A «Visão» chega-me no dorso dum muar, o mesmo doce animal que me traz os víveres. Eis porque só hoje li a crónica «O fantasma do iberismo», de António Mega Ferreira, de 16 de Novembro.
Eu leria sempre o Mega, mas o tema gritava-me da página. O pretexto: certa indignação colectiva (que metia acção judicial) contra o iberismo de que o ministro Mário Lino se confessara professante. O cronista goza (e tem direito ao prazer, mas não a este) com o atraso do desagravo: o ministro declarara-se em Abril, e já se estava agora no mês que era.
Ignoro quem seja esse actual «grupo de indignados». Mas convém lembrar que este blogue foi o primeiro âmbito português em que se deu o brado. Fizemo-lo aqui, três dias após a confissão de Lino, pormenorizando-lhe os termos segundo o «Faro de Vigo»:
«Soy profundamente “iberista”, convencido de que España y Portugal tienen por delante un futuro en común porque su historia es también común y su lengua, similar. Soy iberista confeso. Tenemos una historia común, una lengua común y una lengua común. Hay unidad histórica y cultural e Iberia es una realidad que persigue tanto el Gobierno español como el portugués». E acrescentávamos, nós, que haveria por ali alguma «lengua» a mais e, quem sabe, alguma «cultura» a menos.
Mega Ferreira, como Sócrates, oferece larga cobertura ao ministro. Começa por reescrever-lhe generosamente a charla. «O ministro disse» – diz-nos o cronista em Novembro – «que a Ibéria é uma ‘nova realidade’ e que Portugal e Espanha têm tudo a ganhar em entenderem-se no quadro de uma estratégia comum de afirmação no espaço europeu e no contexto internacional».

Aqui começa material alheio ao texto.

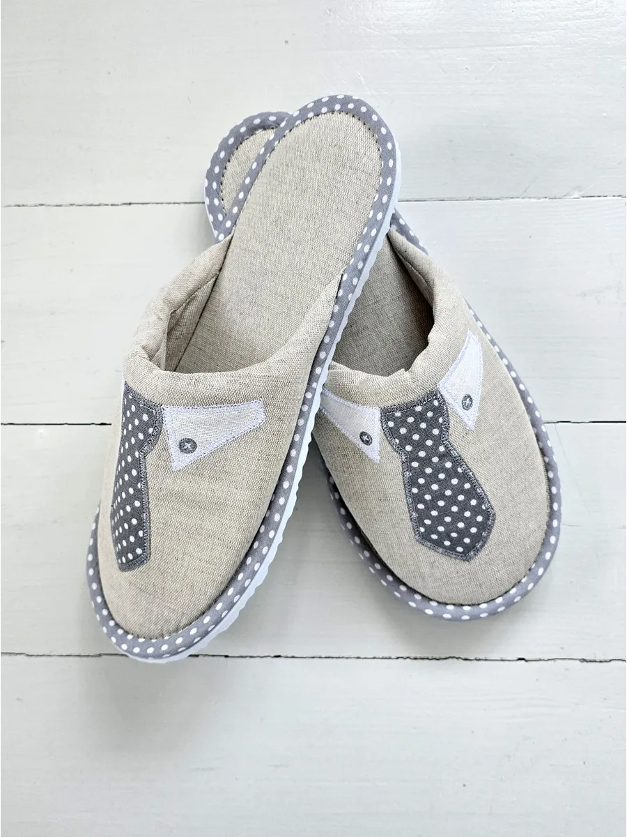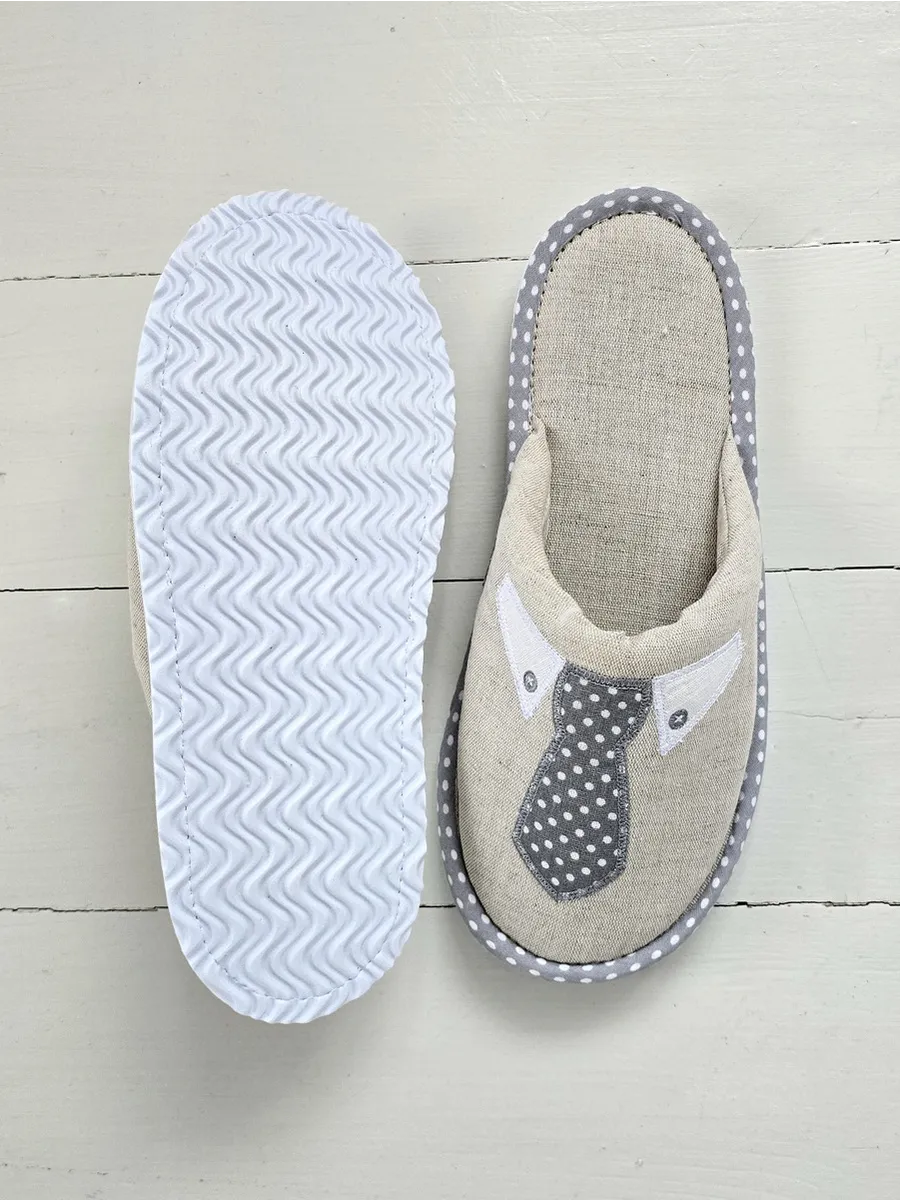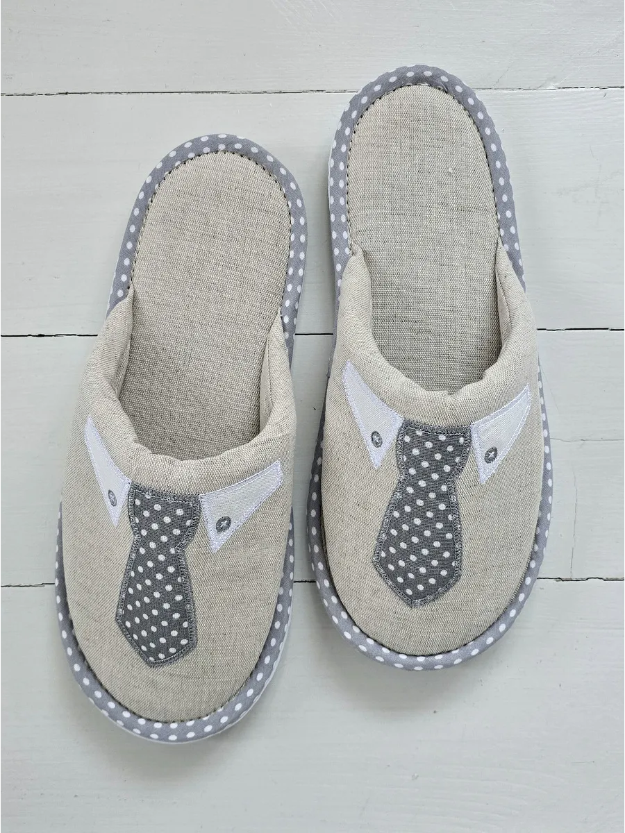 Эти уютные льняные тапочки с вышивкой "Галстук" станут прекрасным подарком для любимого мужчины. Аккуратные элегантные мужские домашние тапочки. Изготовленные из натурального льна и хлопка, они подарят ногам комфорт и приятные тактильные ощущения. Закрытый мысок и открытая пятка обеспечивают удобную посадку и хорошую вентиляцию, а плоская подошва высотой всего 0,6 см делает их идеальными для домашнего использования. Льняные тапочки - это не просто сувенир, это проявление заботы и внимания к близкому человеку. Они экологичны, приятны на ощупь и создадут атмосферу уюта в доме. Подарите папе, другу или брату этот милый и практичный подарок, который будет напоминать о вашей любви и заботе.

E concretizará, já só por sua conta, adiante: «Na lógica do mundo globalizado, fatalmente hão-de sobreviver (ou viver melhor) as alianças estratégicas que acrescentem dimensão aos diversos particularismos nacionais».
Um iberismo assim entendido é já outra coisa do que o novíssimo, ou mesmo o tradicional. Não é a fusão de Estados, que uma percentagem pouco exigente de portugueses aceitaria em troca de uma ‘hoja de pago’ viçosa. Também não é a sonhada associação de «povos ibéricos», de estatuto igualitário.
É uma proposta que soa séria, essa das «alianças estratégicas que acrescentem dimensão aos diversos particularismos nacionais», com que, creio também, todos lucraríamos.
Só que a Espanha de Mega Ferreira é uma miragem. E com miragens não convém fazer alianças.
Quando o cronista afirma, tranquilizador, que «nem a Espanha de hoje é a dos ‘castelhanos’», causa-nos arrepios. Porque tudo indica que ela o é. Mesmo comandado às claras por um galego como Rajoy (e às escuras por outros indivíduos, o que é de ciência comum), o PP é um partido profundamente «castelhano», centralista até à medula, defensor duma Espanha governada ‘desde la Meseta’. O partido de Zapatero não o é menos. Mas habita nela alguma maior inteligência. O PSOE chega a falar numa ‘España plural’, e em ocasiões de desbunda lírica mesmo numa ‘Nación de Naciones’. Mas, podendo (e pôde), redigiu um novo Estatut catalão, e foi esse o adoptado nas Cortes de Madrid.
Quem estiver precisado de ainda mais calafrios leia esta inacreditável entrevista com Pío Moa numa estranhíssima (mas, aqui, oh tão útil) Alameda Digital.
Esta é a Espanha real, aquela de que convém manter-nos afastados. É por isso que a tirada de Mega Ferreira – «o iberismo contemporâneo parte da constatação da multipolaridade ibérica» – soa como de um mundo estranho, espectral.
Ao sensato Mega falta, quem o diria, só algum cepticismo.